- PROBLEM STATEMENT: Reproduce the records below exactly, leaving out any pictures.

[Saved entries]

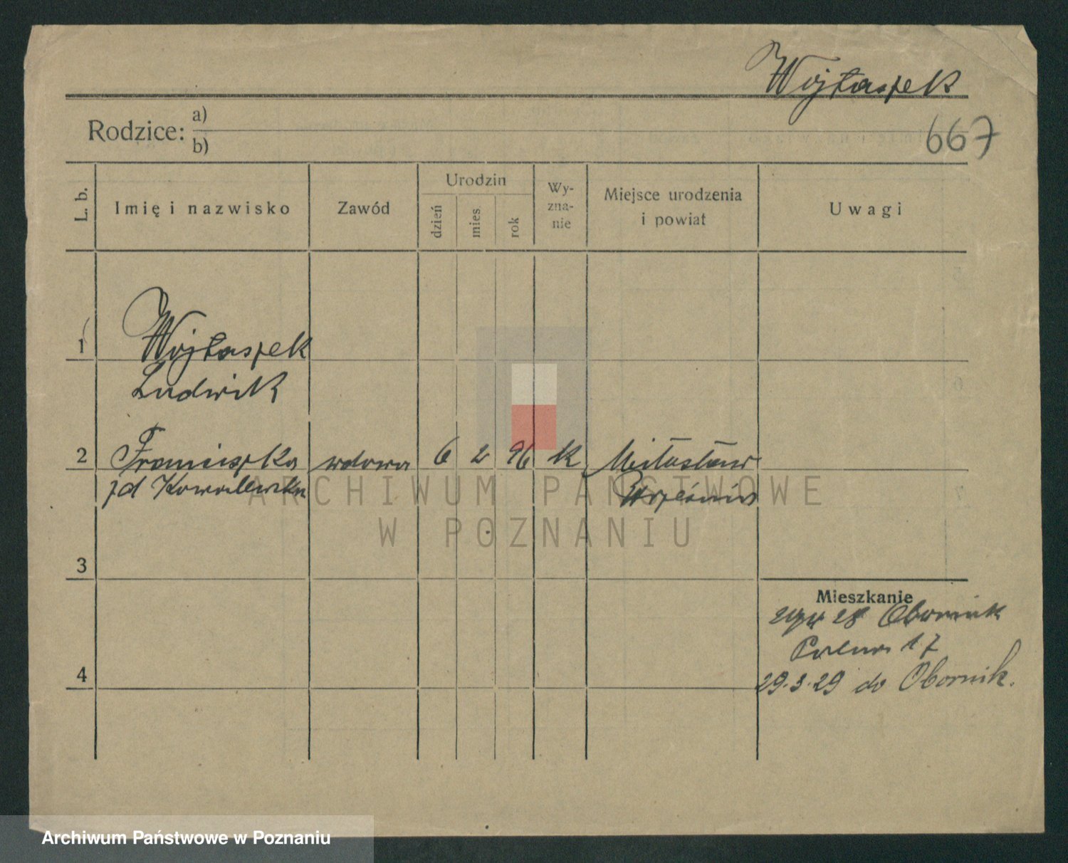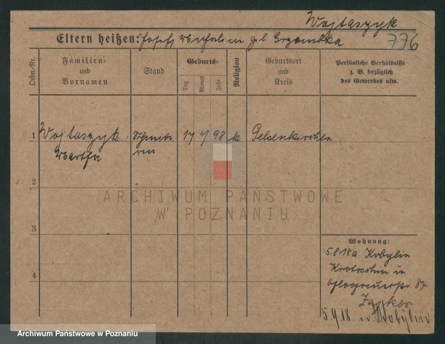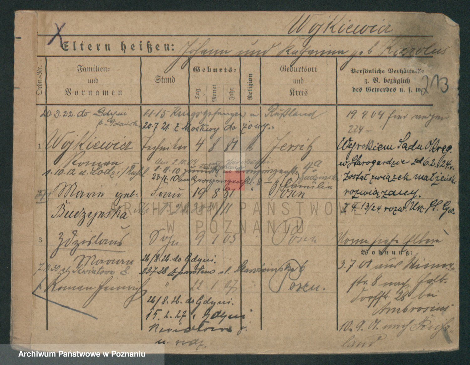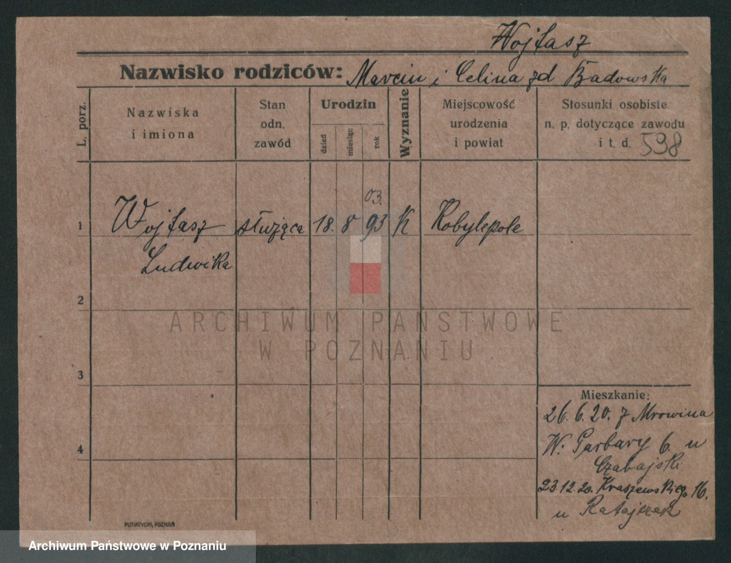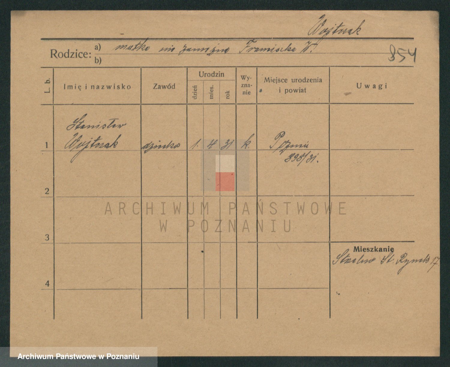 Podgląd karty osobowej dostępny jest po kliknięciu na nazwisko lub ikonkę karty. Można dokonywać powiększenia (ikony na górze) lub przechodzić między kolejnymi skanami (strzałki po bokach).
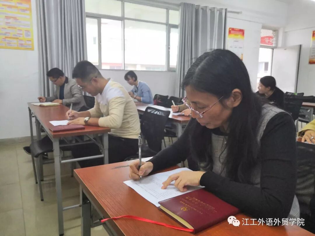 为贯彻落实“不忘初心,牢记使命”主题教育学习效果,外语外贸学院直属党支部于10月25日在C栋601党员活动室组织开展“不忘初心,牢记使命”主题知识考试,紧紧围绕守初心、担使命,找差距、抓落实的总要求,坚持将学习教育、调查研究、检视反思、整改落实四项重点措施贯穿始终,确保主题教育取得了阶段性成效。
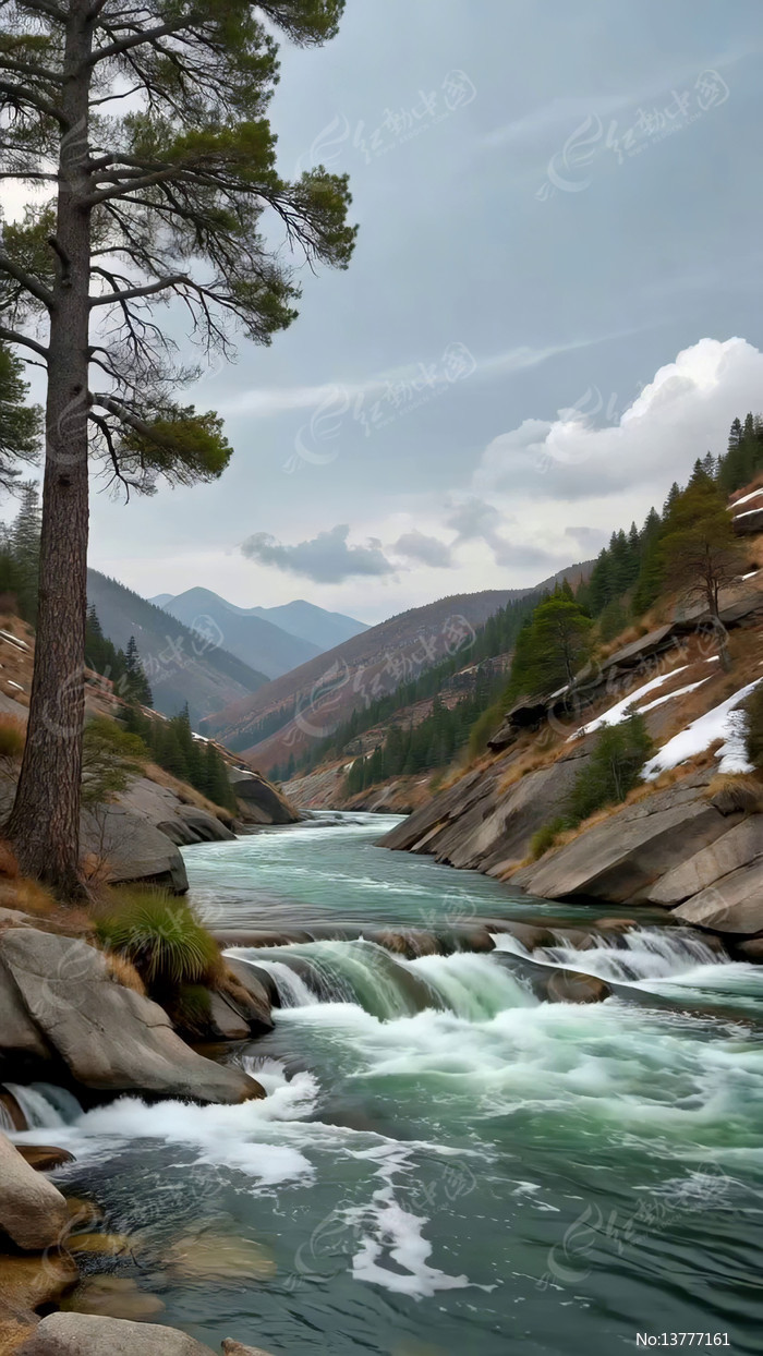 山间河流与松林风景素材
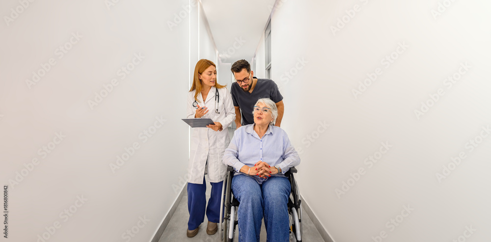 Caring doctors discussing with senior woman on wheelchair about diagnosis and care progress in hospital corridor
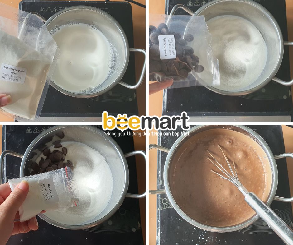Cho 440ml sữa + 150g bột whipping + 80g socola + 20g bột bắp vào nồi khấy đều
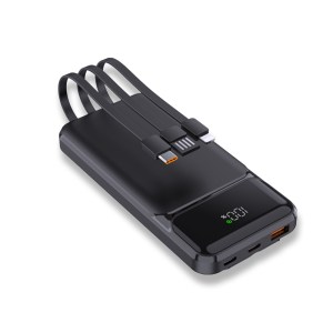 Kapasite: 10000 mAh Yüzde Gösterge Ekranı 22,5W Hızlı Şarj Giriş: Type-C, iPhone Çıkış: USB Dahili Kablolu Çıkış: Type-C Ağırlık: 236 gr Ölçü: 145 x 72 x 16 mm
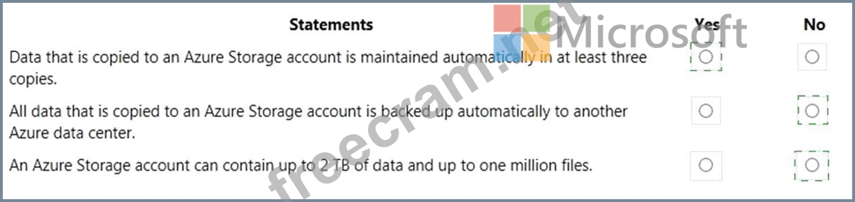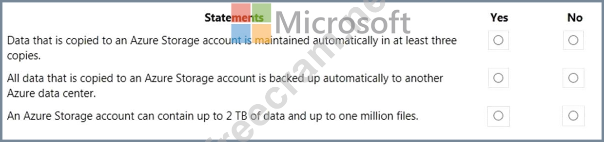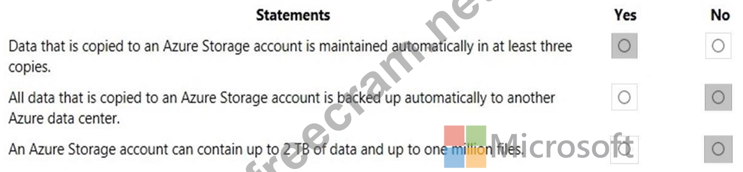 For each of the following statements, select Yes if the statement is true. Otherwise, select No.
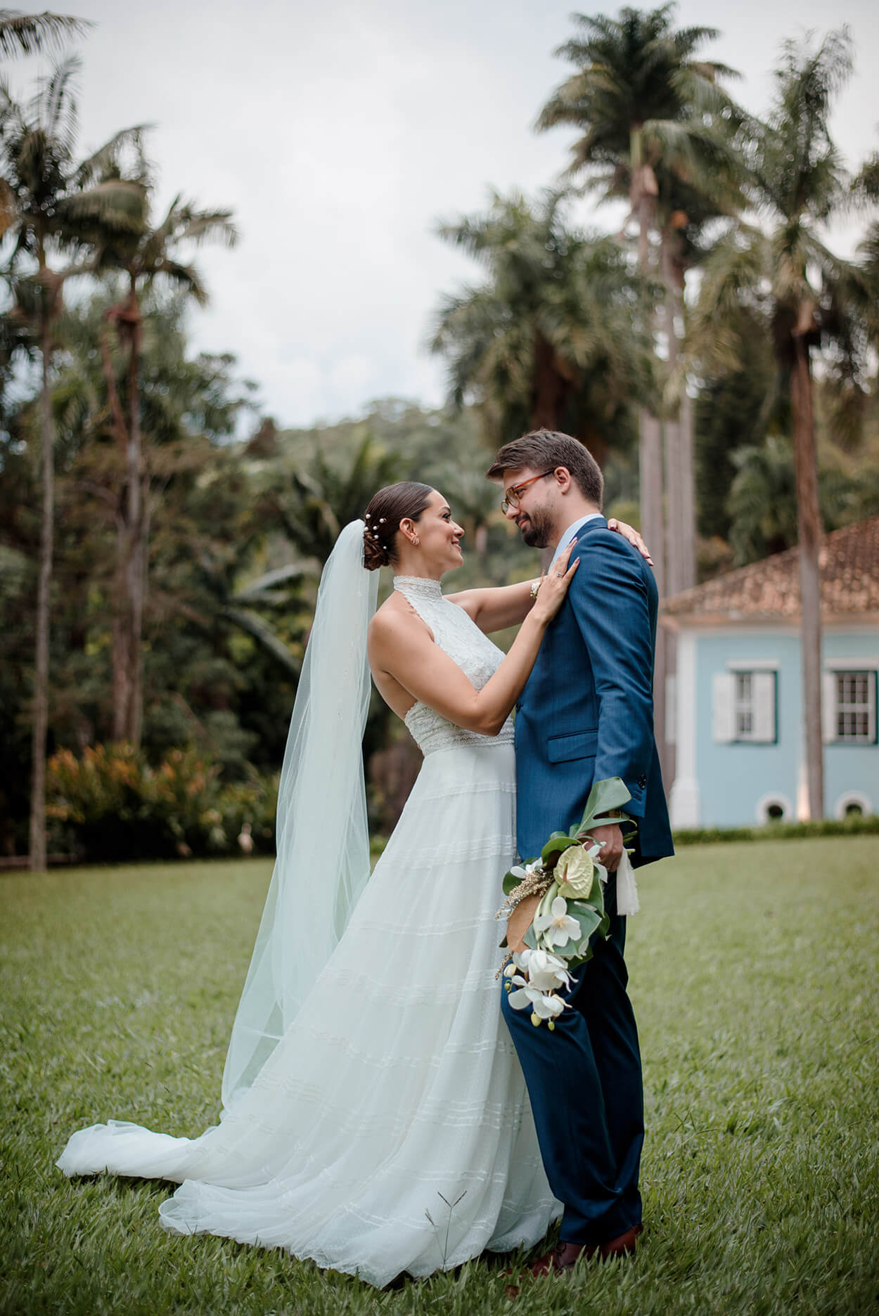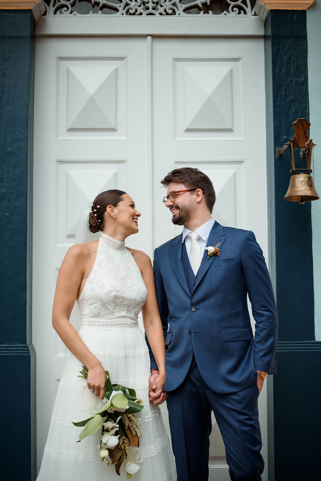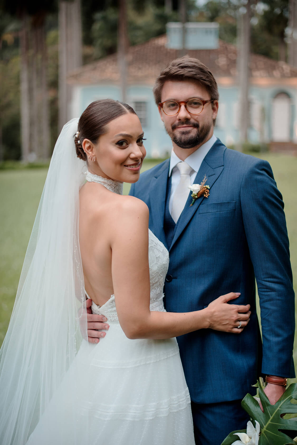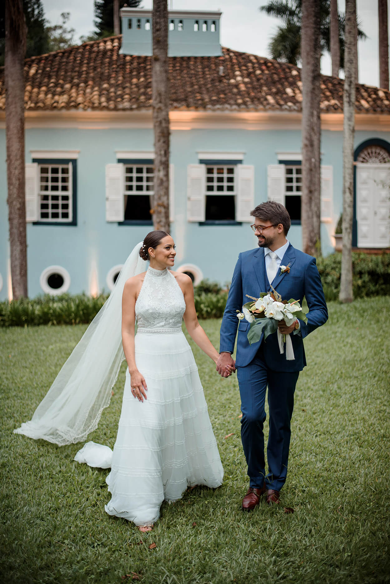 O noivo investiu em um terno azul, e não conseguimos esconder que esse tom é um dos nossos queridinhos! Também precisamos comentar sobre toda a harmonia dos acessórios do noivo e lapela com o buquê. Esses são detalhes fazem toda a diferença.
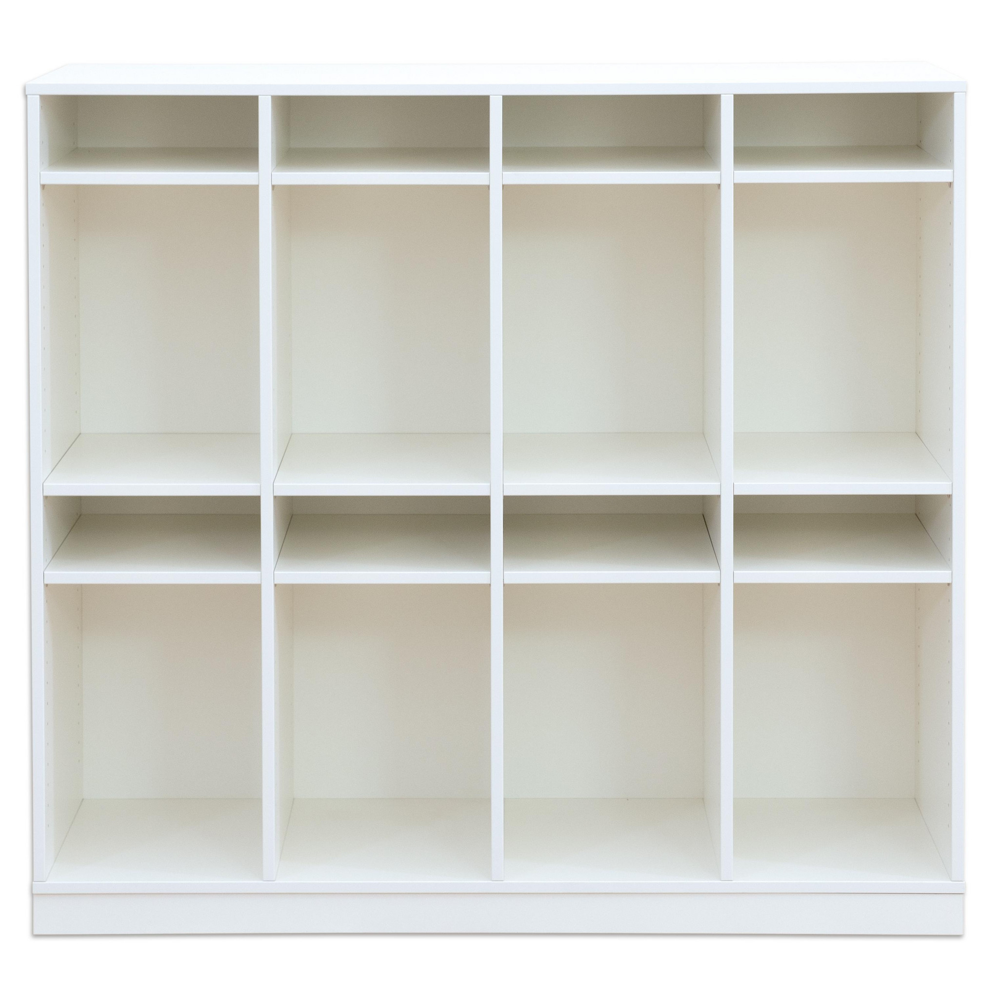 Flexeo Schulranzenregal PRO weiß, 4 Reihen, BxHxT 143,9x132,2x48 cm, auf Sockel

- ANSWER FOR THE TASK:
 Podgląd karty osobowej dostępny jest po kliknięciu na nazwisko lub ikonkę karty. Można dokonywać powiększenia (ikony na górze) lub przechodzić między kolejnymi skanami (strzałki po bokach).
 为贯彻落实“不忘初心,牢记使命”主题教育学习效果,外语外贸学院直属党支部于10月25日在C栋601党员活动室组织开展“不忘初心,牢记使命”主题知识考试,紧紧围绕守初心、担使命,找差距、抓落实的总要求,坚持将学习教育、调查研究、检视反思、整改落实四项重点措施贯穿始终,确保主题教育取得了阶段性成效。
 山间河流与松林风景素材
 Caring doctors discussing with senior woman on wheelchair about diagnosis and care progress in hospital corridor
Cho 440ml sữa + 150g bột whipping + 80g socola + 20g bột bắp vào nồi khấy đều
 Kapasite: 10000 mAh Yüzde Gösterge Ekranı 22,5W Hızlı Şarj Giriş: Type-C, iPhone Çıkış: USB Dahili Kablolu Çıkış: Type-C Ağırlık: 236 gr Ölçü: 145 x 72 x 16 mm
 For each of the following statements, select Yes if the statement is true. Otherwise, select No.
 O noivo investiu em um terno azul, e não conseguimos esconder que esse tom é um dos nossos queridinhos! Também precisamos comentar sobre toda a harmonia dos acessórios do noivo e lapela com o buquê. Esses são detalhes fazem toda a diferença.
 Flexeo Schulranzenregal PRO weiß, 4 Reihen, BxHxT 143,9x132,2x48 cm, auf Sockel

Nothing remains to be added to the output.